「メル・ブルックスのラブ&ピースな笑いと共にあらん事を」スペースボール 近大さんの映画レビュー(感想・評価)
メル・ブルックスのラブ&ピースな笑いと共にあらん事を
不名誉な称号か、名誉な称号か…?
パロディーの帝王、メル・ブルックス。
そんな彼が1987年に手掛けたのは、あの壮大な某スペース・オペラのパロディー。
ワープした昔、遥か彼方の銀河系で…
大気が薄くなったスペースボール星の大気を濃くしようと、悪のスクルーブ大統領は隣星のドルイデアに侵攻を開始。
一方その頃ドルイデアでは、結婚を嫌がったヴェスパ姫が式直前で逃げ出し、そこをスペースボール軍に捕まり掛かる。

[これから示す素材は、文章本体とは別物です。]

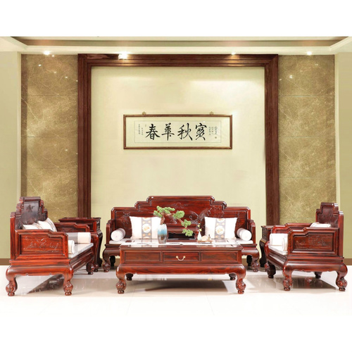 红木家具以其优质的材料和复杂的工艺而受到高度赞赏。东阳南马正洪工艺品厂的红木餐桌椅组合,完美地反映了古代家具的风格和精神。这些家具采用传统的榫卯结构,无需任何金属钉和胶水,展示出极致的工艺水平和环保理念 每一处雕刻都囊括了古典文化的精粹,如龙、凤、花卉等图案,这些都是幸福和繁荣的象征。

ドルイデアの国王の頼みで宇宙の流れ者ローン・スターとその毛むくじゃらの相棒バーフが救出に向かう…。
設定や主な話は勿論、あのキャラこのキャラ。
あのメカニックにあの光の剣の武器、果てはあの未知なる力まで。
よく本家本元のあの人が怒らなかったなぁ、と。
何でもこのパロディーの名匠のファンらしく、快諾したとか。
その決断、ナイス!
ただのおバカパロディー・コメディではなく、ちゃんと娯楽作になっている。
本家風の宇宙を舞台にした冒険あり、一応悪vs善の闘いあり、仄かなロマンスあり。
本家と同じくILMがSFXを手掛け、なかなか本格的!
だけどやっぱり、たっぷりの笑い!
80年代を代表するコメディ・スターたち!
メル・ブルックスは監督/製作/脚本の他に、ヒトラーをおちょくった悪の大統領と未知なる力の賢者様の一人二役。
ジョン・キャンディは特殊メイクとふっくら体型と陽気な性格でハマり役の半人半犬。
でも一番ウケたのは、ダース・ベ…じゃなくて、ヘルメット役のリック・モラニス!
見た目のインパクトとギャップ、とんちんかんな言動、何だか彼が主役にすら思えるくらい気に入ってしまった。そうそう、彼が現れたら股間に気を付けよ!
他の作品からのパロディーも沢山。
びっくりしたのは、スペースボール軍が本作『スペースボール』を見て敵の出方を探るという荒業!
こ、こんなの考え付かなかった…。ス、スゲェ…!メル・ブルックス!
今のハリウッド・コメディのように下品ネタ、お下劣ネタ、下ネタはナシ。
健全なる良質おバカコメディ。
最後はラブ&ピース。
メル・ブルックスの笑いと共にあらん事を。